Itulah muara dari semua ini. Diskursus Pancasila nan semarak bukanlah tujuan akhir. Ia jalan menuju tumbuhnya entitas penduduk negara nan sesungguhnya karena Pancasila nan kuat bukan Pancasila nan sekadar dihafal, melainkan nan operasional, nan 'bunyi' dalam realitas kehidupan berbangsa dan bernegara.

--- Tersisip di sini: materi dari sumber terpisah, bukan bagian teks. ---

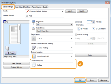 Vyberete-li možnost [Off] (Vypnuto), závisí na nastavení provedeném v aplikaci, zda se výtisky budou, či nebudou třídit.

Pancasila nan operasional bukan sesuatu nan datang dari dekrit alias instruksi. Ia tumbuh dari bawah; dari penduduk nan mengerti bakal kewenangan dan kewajibannya. nan tahu bahwa Pancasila bukan sekadar simbol di atas kertas, melainkan juga kerangka nyata untuk membangun kebaikan bersama, mendorong kebijakan nan berpihak, dan membangun relasi nan setara antara negara dan warganya.

Diskursus nan semarak adalah tanah subur bagi kesadaran semacam itu. Ketika Pancasila diperbincangkan secara luas dan merdeka, di warung kopi, di ruang kelas, di media sosial, di laman komik, dia tidak lagi terasa asing. Ia menjadi bahasa nan menubuh dan menjadi kesadaran, kerangka nan intuitif, dan akhirnya perangkat nan fungsional di tangan penduduk negara nan berdaya.

Itulah lingkaran nan mau kita bangun: dari diskursus menuju pemahaman, dari pemahaman menuju kesadaran, dari kesadaran menuju tindakan. Tindakan itulah nan membikin Pancasila sungguh-sungguh operasional, bukan di atas kertas, bukan di dalam pidato, melainkan di dalam langkah kita berbangsa dan bernegara di setiap perikehidupannya.

Pancasila untuk Pemula adalah salah satu langkah mini dalam perjalanan panjang itu. Ia lahir dari kepercayaan bahwa diskursus nan semarak dimulai dari percakapan nan sederhana, dari selembar laman nan dibaca dengan santai, lampau mengendap, lampau pelan-pelan mengubah langkah seseorang memandang dirinya sebagai penduduk bangsa dan negara.

Bukan penduduk nan pasif menunggu negara, melainkan penduduk nan sadar, nan berdaya, dan nan tahu bahwa Pancasila adalah miliknya juga. Bahwa dia berkuasa menafsirnya, mempercakapkannya, dan menghidupkannya, bukan lantaran diperintah, melainkan lantaran memang itulah prinsip menjadi bagian dari bangsa ini.